- Associated Press - Wednesday, September 24, 2014

BILLINGS, Mont. (AP) - Attorneys for the Montana Department of Justice asked the state Supreme Court on Wednesday to reject a Colorado man’s petition to be declared unfit to stand trial in the oil-patch murder of a high school math teacher.

Mental-health experts for both the prosecution and defense have agreed that defendant Michael Keith Spell, 25, is mentally disabled - a finding that spared him a potential death sentence in the January 2012 death of Sherry Arnold, 43.

But the prosecution has dug in against Spell’s attempts to be declared incompetent after he petitioned the Supreme Court to intervene in the case.

Assistant Attorney General Tammy Plubell wrote in a Wednesday response to Spell’s petition that his disability is only one factor to consider when deciding if he is unfit for trial.

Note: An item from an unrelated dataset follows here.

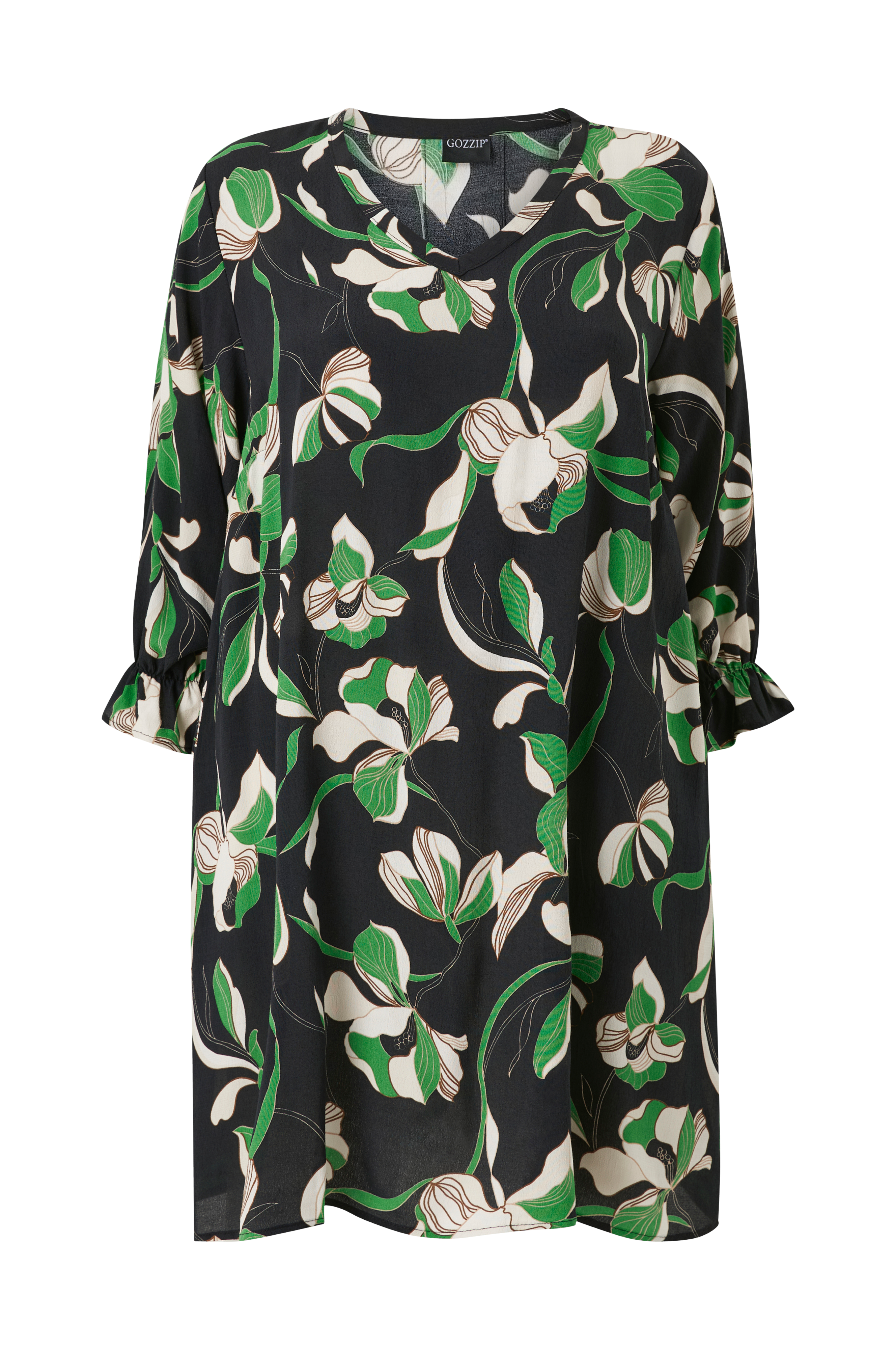 • Tunika i viskos med tryckt mönster• V-ringad hals• Resår med volang i ärmsluten• Plusstorlekar• Längd: 87 cm i storlek S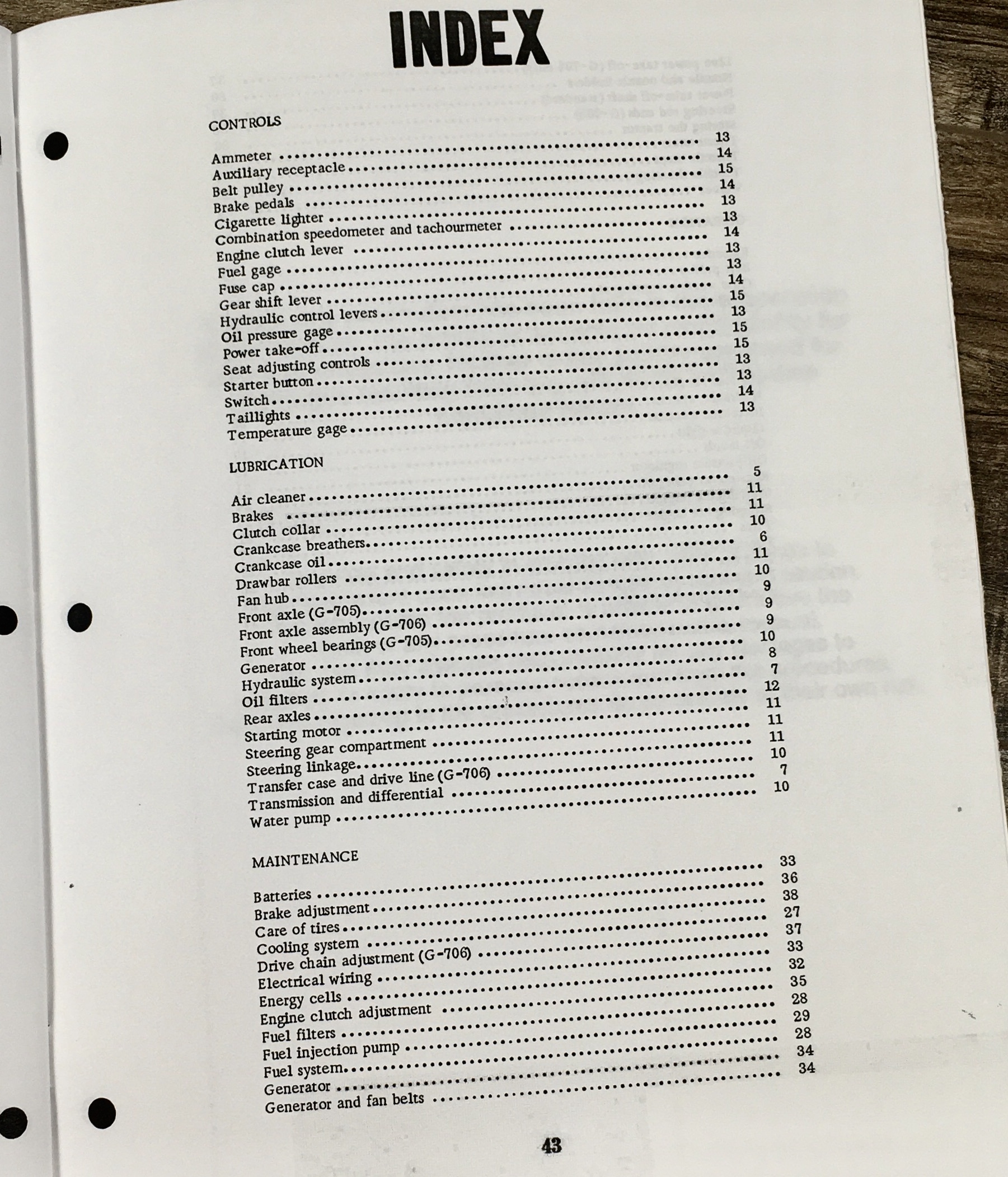 MINNEAPOLIS MOLINE G-705 G-706 TRACTOR OWNER OPERATORS MANUAL

She said Spell showed his competency during a two-month evaluation last winter at the state mental hospital in Warm Springs. Plubell cited his interactions with other patients and hospital staff and said Spell showed a higher degree of functioning than his attorneys have asserted.

“An intellectual disability does not necessarily render a person unfit to stand trial,” she said. “It is critical to also evaluate a defendant’s functional ability, or how a person handles life’s common demands.”

A Nov. 17 trial is scheduled. Spell could spend life in prison if convicted in Arnold’s murder.

Defense attorney Al Avignone said Wednesday that he had not yet seen the state’s arguments. But he said that observations of Spell performing daily tasks while at Warm Springs wouldn’t reveal the extent of his mental shortcomings.

“Basically, they put their thumb up, looked at Mr. Spell and said, ‘Yep, he’s fit,’ ” Avignone said. “Assisting counsel in the defense of a complex deliberate homicide case is a whole other matter and requires much more complex conceptual thinking.”

In May, state District Judge Richard Simonton sided with the conclusions of Dr. Virginia Hill, a psychiatrist from the state mental hospital in Warm Springs who evaluated Spell. She said Spell had matured mentally since being ruled mentally incompetent in a previous legal proceeding in Colorado and he had benefited from being off drugs since his arrest in Arnold’s death.

Arnold disappeared while on a morning jog in January 2012. Her body was found more than two months later in a shallow grave in nearby North Dakota at the center of the Bakken oil boom.

Co-defendant Lester Van Waters Jr. pleaded guilty in a deal with prosecutors that calls for him to testify against Spell.